Monthly Report for November 2006
Project No.: 260671/72
Funding Agency: Defense Logistics Agency - Defense Technical Information Center/NASA
Award No.: SP4700-05-P-0148
Project Title: Tools for Automatic Extraction of Metadata from DTIC Electronic Documents Collections - Phase II
Work Accomplishments during period
Completed the integration of validator with template extraction to perform post-hoc classification and tune the statistical models for this purpose. Not unexpectedly we ran into a number of issues we needed to address. A major one is how to compound the confidence values of individual fields. First choices were min, max, avg, depending on the types of fields used. Had to introduce sum as well to allow for differences between some documents having many metadata fields with some wrong from few with all correct. Also issue of erroneous metadata introduced in the various knowledge databases. E.g., words such as defence contractors appeared in an author field producing wrong confidence for a phrase.
Preliminary results of using validation as a post-hoc classification are very encouraging. We correctly classified from a batch of 170 documents the 86 documents that were originally hand classified as being iin one class.
Metadata Extraction RDP:
No action during this period, except to integrate the RDP process into an entire package of code that will receive documents as input and produce appropriate output depending on whether the document has an RDP or whether the non-form process is to be employed.
Metadata Extraction general:
We have completed the repackaging of the statistics gathering code such that it is easily configured for different collections. We have begun the testing of the code by collecting different statistics for the NASA collections.

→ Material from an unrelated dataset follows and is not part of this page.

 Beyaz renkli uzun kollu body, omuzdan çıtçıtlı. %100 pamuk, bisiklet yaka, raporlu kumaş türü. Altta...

We have completed the regression testing and have now a process in place to repeat for new major changes.
Problem Areas and Corrective Actions
We have done extensive testing on the coverage of the 5-5 page rule (replace documents by their first 5 and last five pages) and have not found a single document that has POINT pages outside that range. We still will make the number of pages a parameter of a configurable system.
The engine enhancement has taken a back seat to the development of the classification approach and the integration of all components.

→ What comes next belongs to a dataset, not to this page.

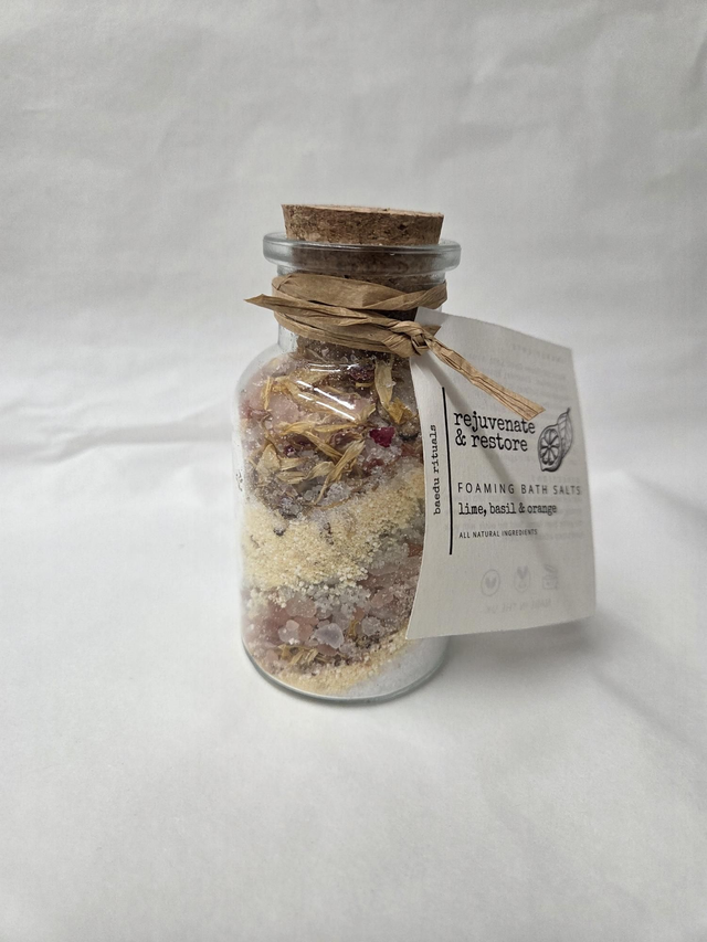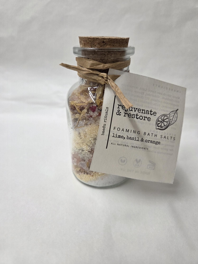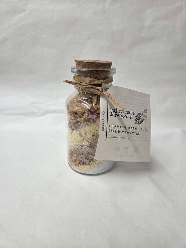 Rejuvenate & Restore Botanical Foaming Bath Salts - Lime, Basil & Orange.

Deviations in Cost/Schedule
The software package (1C) promised for Sept 19 has now (Nov 15) been made available as a demo prototype(still needs fuller testing). That applies to the corresponding NASA deliverable as well (4C). The configurability of the software package (deliverable 4D) for classification has been addressed as we are developing the software and will be made available together with the delayed classification package.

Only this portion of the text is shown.